In its simplest form, life insurance helps protect your beneficiaries against economic loss caused by premature death. The proceeds go to them free and clear – generally exempt from federal income tax. However, there is much more to life insurance. There are a variety of different types of life insurance, and each type has its own unique features and benefits. With this product, one size doesn't fit all, and, like tailoring a suit or fitting a golf club, finding the right fit takes knowledge and analysis.

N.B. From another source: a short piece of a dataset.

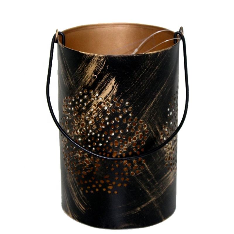 Home Decoration Iron Round Shaped Lantern Indian Black With Gold Wash Finished Modern Design Candle Stand
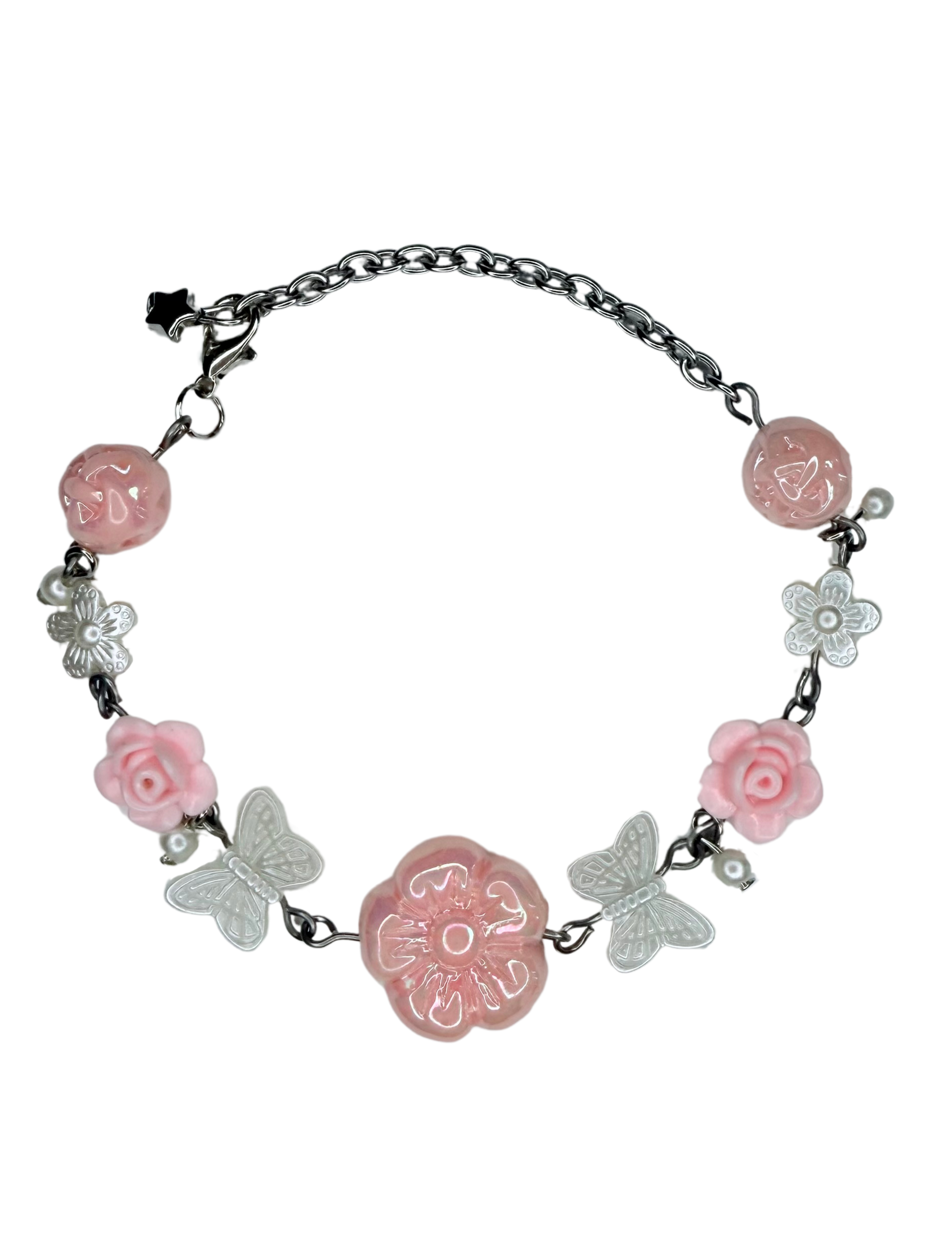 Pink themed bracelet with a variation of bead detailing and a Pink Flower center piece.

Most consumers have heard of term life insurance and permanent life insurance; what most do not know is how many variations of each there are. Examples of term life insurance include level premium term, yearly renewable term and decreasing term. Permanent life insurance includes whole life, universal life, variable life and variable universal life to name a few. A good understanding of each life product will allow you to make an appropriate decision on what type or types of life insurance might be most beneficial to you at each stage of your life or your business' growth.

A Versatile Tool

Life insurance can be a versatile tool to address many needs within a broad financial or business plan. Its many uses can include:

For you and your family:

  • Providing your dependents with cash for expenses and debts and a replacement of income
  • Conserving your estate and providing cash to pay estate taxes
  • Enabling you to equalize inheritances among your family members
  • Leaving a legacy to your favorite charities
  • Creating a fund to supplement your retirement resources
  • Helping to assure your children's college education is funded in the event of your early death

For your business and your employees:

  • Funding attractive benefit plans that encourage long-term employment (these may include non-qualified Deferred Compensation plans, executive bonus plans, split-dollar insurance plans that share the cost with the employee, and Supplemental Employee Retirement Plans [SERPs]).
  • Funding a plan to help ensure your business will continue after the death of a principal.

Term Life Insurance

Term life insurance is the most basic type of life insurance, providing a death benefit only if death occurs within the specified term of the policy. There is usually no cash value or savings component to the contract and premiums may be renewable at varying rates on a yearly (or longer) basis or may be level for the length of the policy. Contracts are typically offered for a period or term of five, 10, 15, 20 or 30 years, or on an annual renewable basis.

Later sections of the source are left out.